Schrodinger equation of particle in box

[R-ckay]

hi all please help me... I'm learning schrodinger equation of a particle in a 1-dimensional box. I read a quantum mechanics book written by A. C Phillips. the wavefuction is

ψ (x,t)= N sin (kx) e^-iEt/hbar

but when I compared to what I read from a modern physics book written by Beisser. the wavefunction is:

d²ψ/dx² + 2m/hbar E ψ
=0

and the solution is:

ψ=A sin ((√2mE)/hbar)x + B cos ((√2mE)/hbar)

and we only use:

ψ =N sin (kx) only,

it is different. and I got trouble when I tried to find momentum probability. because it is different. which one is true?

my question is:
1.where "e^-iEt/hbar" comes from?
2. how to get the solution "
ψ=A sin ((√2mE)/hbar)x + B cos ((√2mE)/hbar)" from
d²ψ/dx² + 2m/hbar E ψ
= 0

thank you very much for help.. :)

 

[Chopin]

#1: The sin(kx) is a solution to the time-independent Schrodinger Equation. This means that it only tells you the spatial behavior at the wave at one point in time. To find the time-dependence of the equation, you use the time-dependent version of the Schrodinger Equation, which says:
i\hbar\frac{d}{dt}\Psi(t) = \hat{H}\Psi(t)
If \Psi(x) is an eigenstate of \hat{H}, then \hat{H}\Psi(x)=E\Psi(x), so
i\hbar\frac{d}{dt}\Psi(t,x) = \hat{H}\Psi(t,x) = E\Psi(t,x)
The solution to this differential equation (which you can check by substitution) is
\Psi(t,x) = e^{-iEt/\hbar}\Psi(0,x)

#2: It's a differential equation, so the answer to how to find the solutions is basically "any way you can". In this case, you can make a guess about the form that solutions must take (sinusoidal), and then substitute them into the original equation to figure out whether your guess is right.
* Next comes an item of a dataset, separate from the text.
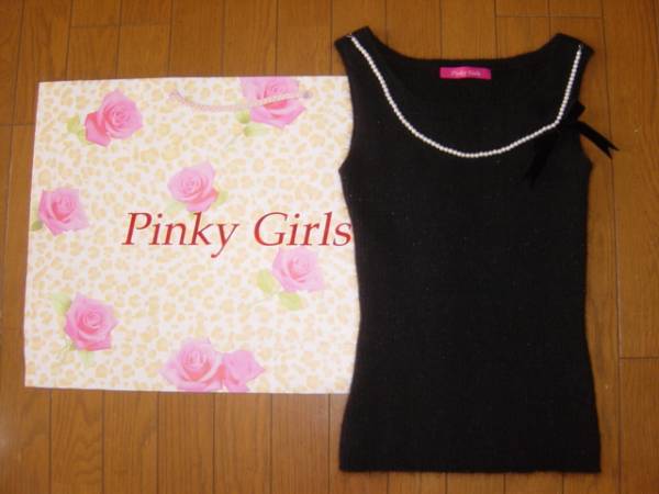> ★美品ピンキーガールズ★パール ネックレス付★アンゴラ黒ノースリーブ ニット★ブラック Pinky Girls
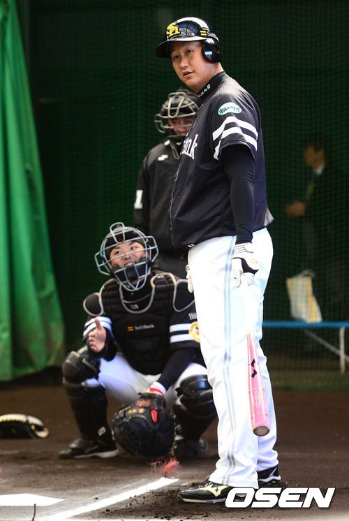 이대호가 투수들의 불펜 투구 연습 중 타석에 들어서 공을 지켜보고 있다.

The second equation is correct that both sin and cos terms appear in the general solution to the free Schrodinger Equation. However, the first equation is correct that solutions to the equation in an infinite potential well only contain some of those terms. The reason that only sin terms appear in the solution to the particle in a box is that you also have to remember the boundary conditions. Since the box is infinite at x=0 and x=L, the wavefunction must be zero outside of that range, i.e. \Psi(0) = 0 and \Psi(L) = 0. This means that none of the cos terms will work (they're all nonzero at x=0), and of the sin terms, the only ones which work are the ones which are also zero at x=L. This means you're limited to \Psi(x)=sin(2\pi n x/L), where n is an integer.
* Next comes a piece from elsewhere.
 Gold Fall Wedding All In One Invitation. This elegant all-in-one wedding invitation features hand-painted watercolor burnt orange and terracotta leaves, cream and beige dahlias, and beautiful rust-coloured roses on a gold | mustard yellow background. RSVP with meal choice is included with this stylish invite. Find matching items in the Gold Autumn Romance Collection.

In this way, the continuous space of general solutions gets reduced to a discrete (or "quantized") set of particular solutions which obey the boundary conditions. This happens any time you have a potential well like this, and is the reason that there are discrete energy levels in systems such as atoms. It's also where "quantum mechanics" gets its name.